Prozess zur Rundfunkbeitragspflicht: Verhandlung abgeschlossen – Urteil erst in 2 Wochen

In Kürze:
- Ein Urteil im Revisionsverfahren zur Rundfunkbeitragspflicht soll erst am 15. Oktober verkündet werden.
- Der 6. Senat des Bundesverwaltungsgerichts Leipzig schöpft damit die maximal zulässige Beratungsfrist aus.
- Erwartet wird ein Grundsatzurteil über Pflichten und Rechte von Sendern und Beitragszahlern.
- Eine 84-jährige Beitragsgegnerin hatte jahrelang gegen den „Bayerischen Rundfunk“ geklagt.
Das Bundesverwaltungsgericht (BVerwG) in Leipzig hat am frühen Mittwochnachmittag die mündliche Verhandlung in einem Grundsatzstreit zur Rundfunkbeitragspflicht abgeschlossen.

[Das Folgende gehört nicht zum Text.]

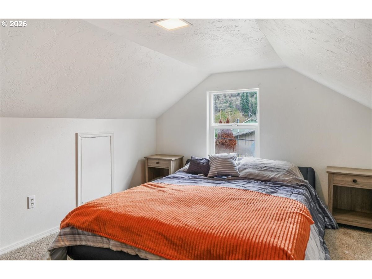 Welcome to 422 Elder Street in Drain. This beautifully updated home is move-in ready and boasts a host of attractive features. Step inside to discover modern updates throughout, including new flooring, windows, and fresh interior and exterior paint. The spacious open-concept kitchen and dining area are perfect for entertaining, offering ample storage and counter space, along with updated appliances. Relax in the cozy living room, featuring an electric fireplace and plenty of room for your favorite furniture. The primary bedroom is conveniently located on the main floor, alongside a second bedroom and the stunning main bathroom. The fully renovated main bathroom showcases stylish finishes and custom tile work, adding a touch of elegance. Venture upstairs to find a large loft that serves as a versatile third bedroom, ideal for guests or a home office. For added convenience, an indoor laundry area simplifies daily chores. Outside, enjoy the expansive fully fenced backyard, providing privacy and endless possibilities for gardening, pets, and entertaining. The spacious back patio is perfect for summer BBQs, making it an ideal spot for gatherings. Additionally, the oversized detached two-car garage offers ample storage space, while extra driveway parking and convenient alley access make RV parking a breeze. This property also presents an exciting investment opportunity, with the potential to partition the lot for future developmentâbuyers are encouraged to complete their due diligence with the county regarding requirements. An inspection report is available, with many repairs already completed, and the seller plans to install a new roof prior to closing. Shown by appointment only. Contact your broker today to schedule a private showing!
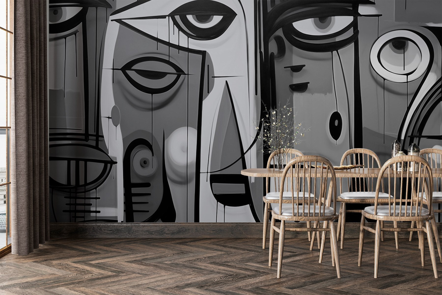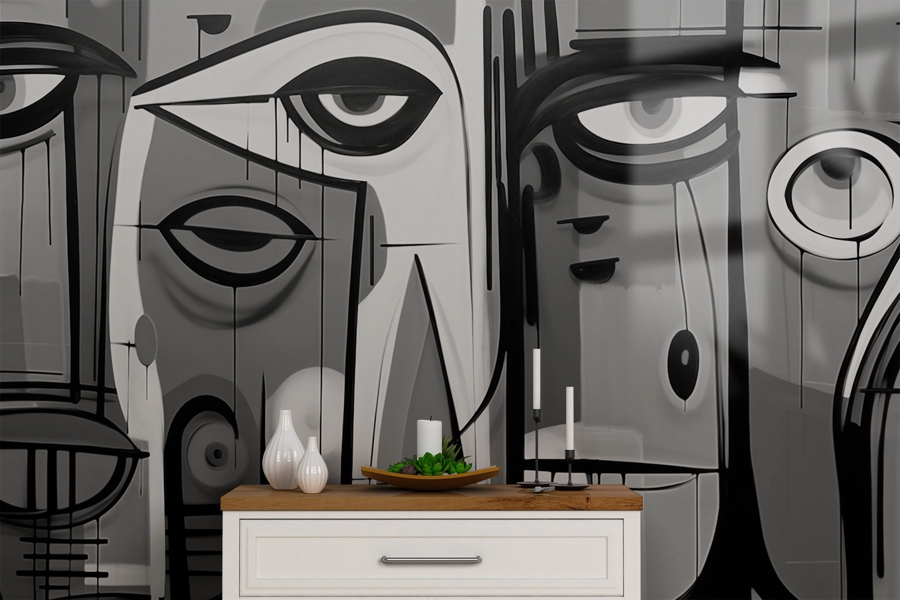 Transforme o seu espaço com este impressionante mural de parede a preto e branco, com rostos cativantes que parecem espreitar para o seu mundo. É como ter uma conversa com a arte – cheia de emoção e intriga. Imagine isto: entra no seu quarto e pimba! Estes rostos expressivos atraem-no, despertando curiosidade e talvez até um sorriso. Perfeito para uma sala de estar ou um recanto criativo, acrescenta uma camada de profundidade sem todas as cores a disputar a atenção. Além disso, é um fantástico quebra-gelo para todos os que passam por cá. Quem não gostaria de refletir sobre as histórias por detrás daqueles olhares intensos? Perfeitamente contemporâneo e chique sem esforço!
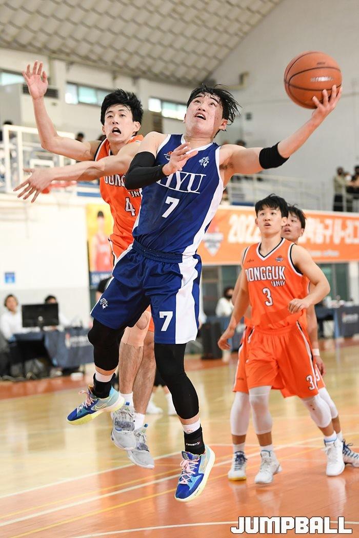 20일 동국대 체육관에서 열린 2022 KUSF 대학농구 U-리그 동국대와 한양대의 경기, 한양대 염재성이 공격을 시도하고 있다.
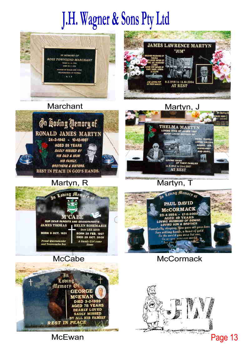 With a total of 23 pages of photographs demonstrating headstones which are suitable for the Goondiwindi (lawn) Cemetery we understand the choices may be daunting, however at J.H. Wagner & Sons we also aim to provide the very best of options and personalised service to assist with the selection that best suits your needs.

Das Urteil wird am Mittwoch, 15. Oktober verkündet, erklärte der Vorsitzende Richter am Ende des Verhandlungstages. Damit schöpfe der zuständige 6. Senat die maximal zulässige Frist zur Verkündung eines Urteils vollständig aus. Geklagt hatte eine 84-jährige Frau aus Bayern, beklagte Partei ist der Bayerische Rundfunk (BR).
Prof. Dr. Eva Ellen Wagner, die Prozessbeauftragte des BR, stand vor Ort für ein Interview mit der Epoch Times nicht zur Verfügung.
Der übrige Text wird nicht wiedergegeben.